An Open Discussion on Promoting Transparency in Social Science Research

By Edward Miguel (Economics, UC Berkeley)

This CEGA Blog Forum builds on a seminal research meeting held at the University of California, Berkeley on December 7, 2012. The goal was to bring together a select interdisciplinary group of scholars – from biostatistics, economics, political science and psychology – with a shared interest in promoting transparency in empirical social science research.

There has been a flurry of activity regarding research transparency in recent years, within the academy and among research funders, driven by a recognition that too many influential research findings are fragile at best, if not entirely spurious or even fraudulent. But the increasingly heated debates on these critical issues have until now been “siloed” within individual academic disciplines, limiting their synergy and broader impacts. The December meeting (see presentations and discussions) drove home the point that there is a remarkable degree of commonality in the interests, goals and challenges facing scholars across the social science disciplines.

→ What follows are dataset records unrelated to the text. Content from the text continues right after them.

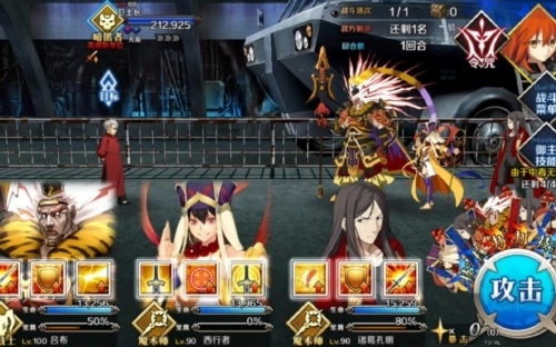 在攻击时,会在银幕上方显示目前可以使用宝具的英灵,点击之后即可发动宝具。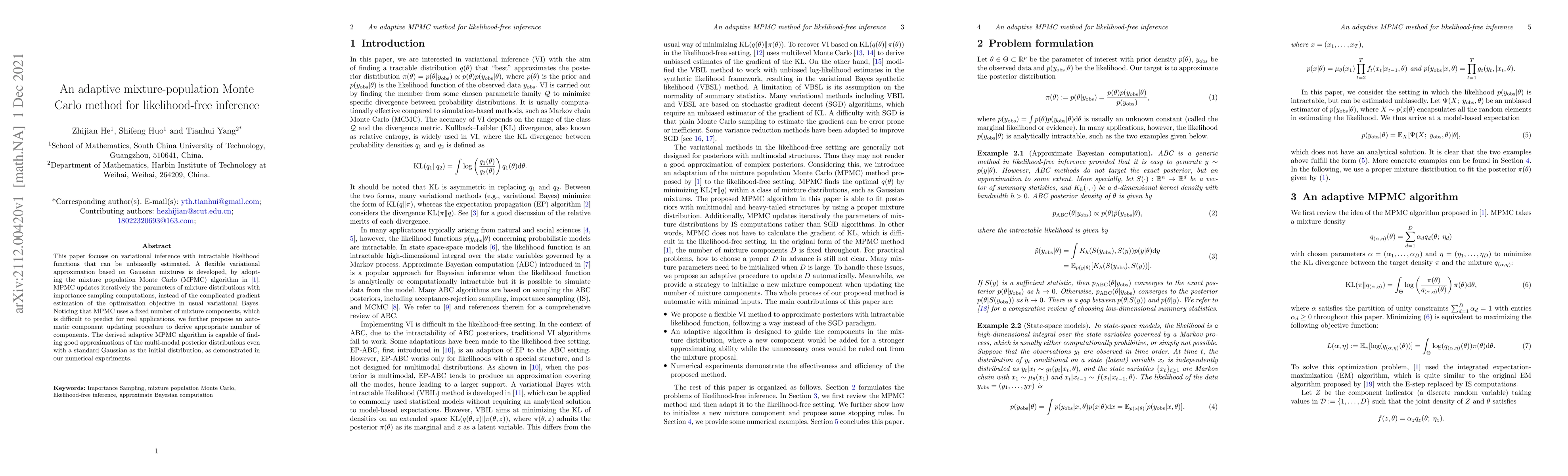 A new method for variational inference with intractable likelihood functions uses an adaptive mixture-population Monte Carlo algorithm to find good approximations of multi-modal posterior distributions. The method automatically updates the number of components in the mixture distribution to improve accuracy.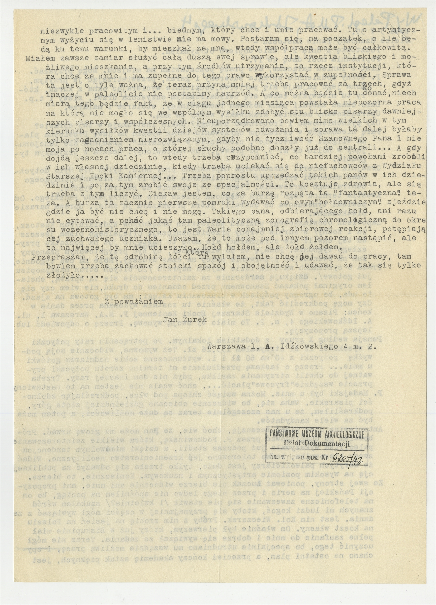 Maszynopis - list Jana Żurka do Stefana Krukowskiego z dnia 5 V [19]39 roku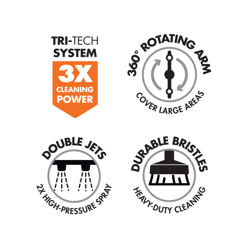 - Double high-pressure jets to blast away dirt & grime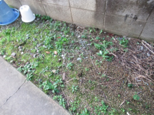 土の部分をコンクリート土間で段差解消し通路にする工事です。

This inaugural CEGA Blog Forum aims to bring the fascinating conversations that took place at the Berkeley meeting to a wider audience, and to spark a public dialogue on these critical issues with the goal of clarifying the most productive ways forward. This is an especially timely debate, given: the American Economic Association’s formal decision in 2012 to establish an online registry for experimental studies; the new “design registry” established by the Experiments in Governance and Politics, or EGAP, group; serious discussion about a similar registry in the American Political Science Association’s Experimental Research section; and the emergence of the Open Science Framework, developed by psychologists, as a plausible platform for registering pre-analysis plans and documenting other aspects of the research process. Yet there remains limited consensus regarding how exactly study registration will work in practice, and about the norms that could or should emerge around it. For example, is it possible – or even desirable – for all empirical social science studies to be registered? When and how should study registration be considered by funders and journals?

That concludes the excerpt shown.